- _Material for this exercise_:
>>>>

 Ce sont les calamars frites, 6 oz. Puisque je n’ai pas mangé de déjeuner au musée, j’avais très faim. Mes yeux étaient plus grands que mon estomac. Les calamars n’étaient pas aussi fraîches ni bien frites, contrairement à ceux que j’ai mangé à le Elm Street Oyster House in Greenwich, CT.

<<<<
>>>>

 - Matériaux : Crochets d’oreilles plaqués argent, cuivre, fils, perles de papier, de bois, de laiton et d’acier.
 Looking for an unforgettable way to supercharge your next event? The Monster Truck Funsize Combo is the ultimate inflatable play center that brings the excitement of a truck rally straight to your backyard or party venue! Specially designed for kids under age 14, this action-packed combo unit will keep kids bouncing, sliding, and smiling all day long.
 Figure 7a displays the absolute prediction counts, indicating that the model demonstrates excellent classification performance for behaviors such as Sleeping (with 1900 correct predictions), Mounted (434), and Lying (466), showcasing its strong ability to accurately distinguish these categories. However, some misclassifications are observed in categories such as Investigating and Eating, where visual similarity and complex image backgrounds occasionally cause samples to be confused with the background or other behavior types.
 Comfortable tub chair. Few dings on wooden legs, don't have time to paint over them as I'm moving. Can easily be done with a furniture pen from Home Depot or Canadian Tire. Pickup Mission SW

<<<<
>>>>

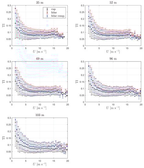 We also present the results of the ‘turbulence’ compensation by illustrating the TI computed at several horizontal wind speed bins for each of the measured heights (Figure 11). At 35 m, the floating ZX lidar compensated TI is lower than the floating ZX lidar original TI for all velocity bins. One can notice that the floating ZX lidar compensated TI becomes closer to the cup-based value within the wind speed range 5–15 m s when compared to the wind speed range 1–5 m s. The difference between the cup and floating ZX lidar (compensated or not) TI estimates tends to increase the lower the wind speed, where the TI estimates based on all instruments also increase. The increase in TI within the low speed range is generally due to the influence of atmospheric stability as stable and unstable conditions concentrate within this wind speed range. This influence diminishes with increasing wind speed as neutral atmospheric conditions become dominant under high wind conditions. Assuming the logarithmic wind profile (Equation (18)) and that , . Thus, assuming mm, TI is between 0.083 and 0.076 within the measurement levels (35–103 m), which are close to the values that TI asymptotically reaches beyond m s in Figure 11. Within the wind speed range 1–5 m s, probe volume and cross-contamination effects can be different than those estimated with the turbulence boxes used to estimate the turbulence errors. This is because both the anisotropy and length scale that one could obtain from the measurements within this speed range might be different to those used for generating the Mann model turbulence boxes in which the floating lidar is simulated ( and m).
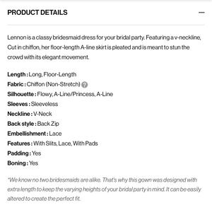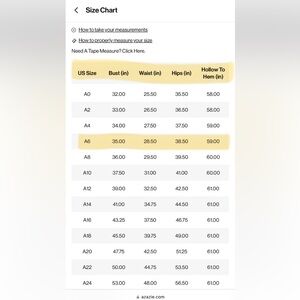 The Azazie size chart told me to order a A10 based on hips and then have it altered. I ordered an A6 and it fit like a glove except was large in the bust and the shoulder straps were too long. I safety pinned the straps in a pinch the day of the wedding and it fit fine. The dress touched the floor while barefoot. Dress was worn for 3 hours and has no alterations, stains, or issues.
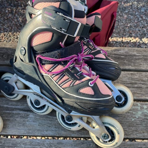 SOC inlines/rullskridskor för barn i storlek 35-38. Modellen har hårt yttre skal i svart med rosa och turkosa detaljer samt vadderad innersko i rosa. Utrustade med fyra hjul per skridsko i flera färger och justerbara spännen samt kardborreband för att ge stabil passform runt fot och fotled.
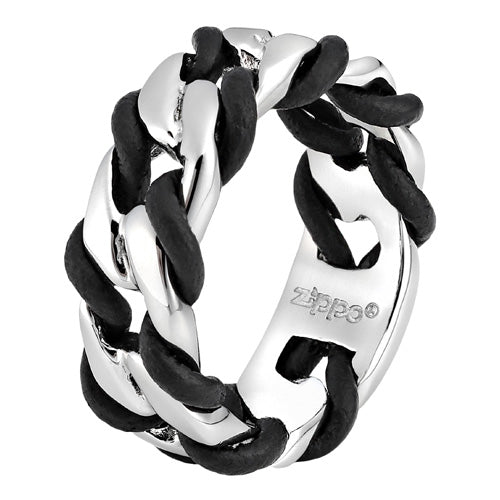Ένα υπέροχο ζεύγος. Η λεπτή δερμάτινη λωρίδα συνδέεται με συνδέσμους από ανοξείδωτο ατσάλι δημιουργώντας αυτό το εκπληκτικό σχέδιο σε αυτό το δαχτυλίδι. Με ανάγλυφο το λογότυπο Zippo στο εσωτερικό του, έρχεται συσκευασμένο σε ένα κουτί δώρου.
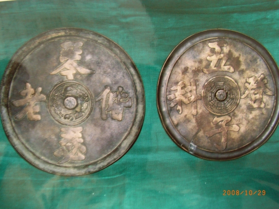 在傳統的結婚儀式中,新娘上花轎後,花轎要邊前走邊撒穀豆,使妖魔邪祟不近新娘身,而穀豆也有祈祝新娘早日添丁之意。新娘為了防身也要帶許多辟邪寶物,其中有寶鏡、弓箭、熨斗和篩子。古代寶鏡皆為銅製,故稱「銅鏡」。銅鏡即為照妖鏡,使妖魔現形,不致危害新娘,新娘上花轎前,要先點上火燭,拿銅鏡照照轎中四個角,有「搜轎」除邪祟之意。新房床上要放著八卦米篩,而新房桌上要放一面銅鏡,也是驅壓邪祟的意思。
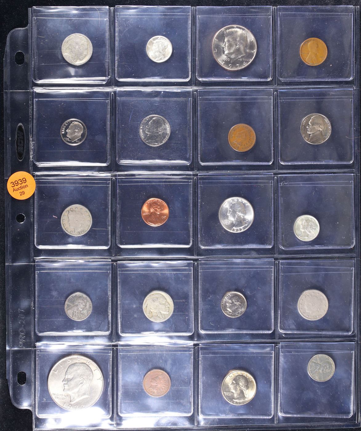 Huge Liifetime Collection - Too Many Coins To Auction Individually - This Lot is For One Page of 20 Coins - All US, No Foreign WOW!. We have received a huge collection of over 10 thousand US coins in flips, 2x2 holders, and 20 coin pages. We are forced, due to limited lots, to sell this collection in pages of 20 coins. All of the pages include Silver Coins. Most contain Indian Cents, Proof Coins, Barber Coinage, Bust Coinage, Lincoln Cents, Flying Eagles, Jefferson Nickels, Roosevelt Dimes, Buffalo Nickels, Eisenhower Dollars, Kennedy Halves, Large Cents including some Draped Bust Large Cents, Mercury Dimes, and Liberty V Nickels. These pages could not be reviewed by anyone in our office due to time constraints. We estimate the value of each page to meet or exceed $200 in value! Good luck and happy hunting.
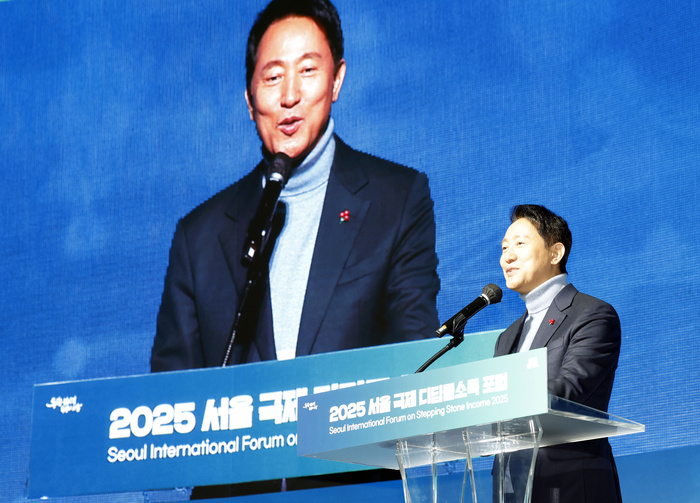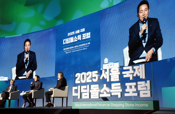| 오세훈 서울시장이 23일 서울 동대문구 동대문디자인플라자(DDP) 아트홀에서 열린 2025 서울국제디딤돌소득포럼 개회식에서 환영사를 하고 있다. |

<<<<

- _Brief_: The output is the stretch above from the line with "在傳統的結婚儀式中,新娘上花" through the line with "환영사를 하고 있다. |", copied word for word with both ends kept and every picture dropped.

- _Task result_:
 在傳統的結婚儀式中,新娘上花轎後,花轎要邊前走邊撒穀豆,使妖魔邪祟不近新娘身,而穀豆也有祈祝新娘早日添丁之意。新娘為了防身也要帶許多辟邪寶物,其中有寶鏡、弓箭、熨斗和篩子。古代寶鏡皆為銅製,故稱「銅鏡」。銅鏡即為照妖鏡,使妖魔現形,不致危害新娘,新娘上花轎前,要先點上火燭,拿銅鏡照照轎中四個角,有「搜轎」除邪祟之意。新房床上要放著八卦米篩,而新房桌上要放一面銅鏡,也是驅壓邪祟的意思。
 Huge Liifetime Collection - Too Many Coins To Auction Individually - This Lot is For One Page of 20 Coins - All US, No Foreign WOW!. We have received a huge collection of over 10 thousand US coins in flips, 2x2 holders, and 20 coin pages. We are forced, due to limited lots, to sell this collection in pages of 20 coins. All of the pages include Silver Coins. Most contain Indian Cents, Proof Coins, Barber Coinage, Bust Coinage, Lincoln Cents, Flying Eagles, Jefferson Nickels, Roosevelt Dimes, Buffalo Nickels, Eisenhower Dollars, Kennedy Halves, Large Cents including some Draped Bust Large Cents, Mercury Dimes, and Liberty V Nickels. These pages could not be reviewed by anyone in our office due to time constraints. We estimate the value of each page to meet or exceed $200 in value! Good luck and happy hunting.
| 오세훈 서울시장이 23일 서울 동대문구 동대문디자인플라자(DDP) 아트홀에서 열린 2025 서울국제디딤돌소득포럼 개회식에서 환영사를 하고 있다. |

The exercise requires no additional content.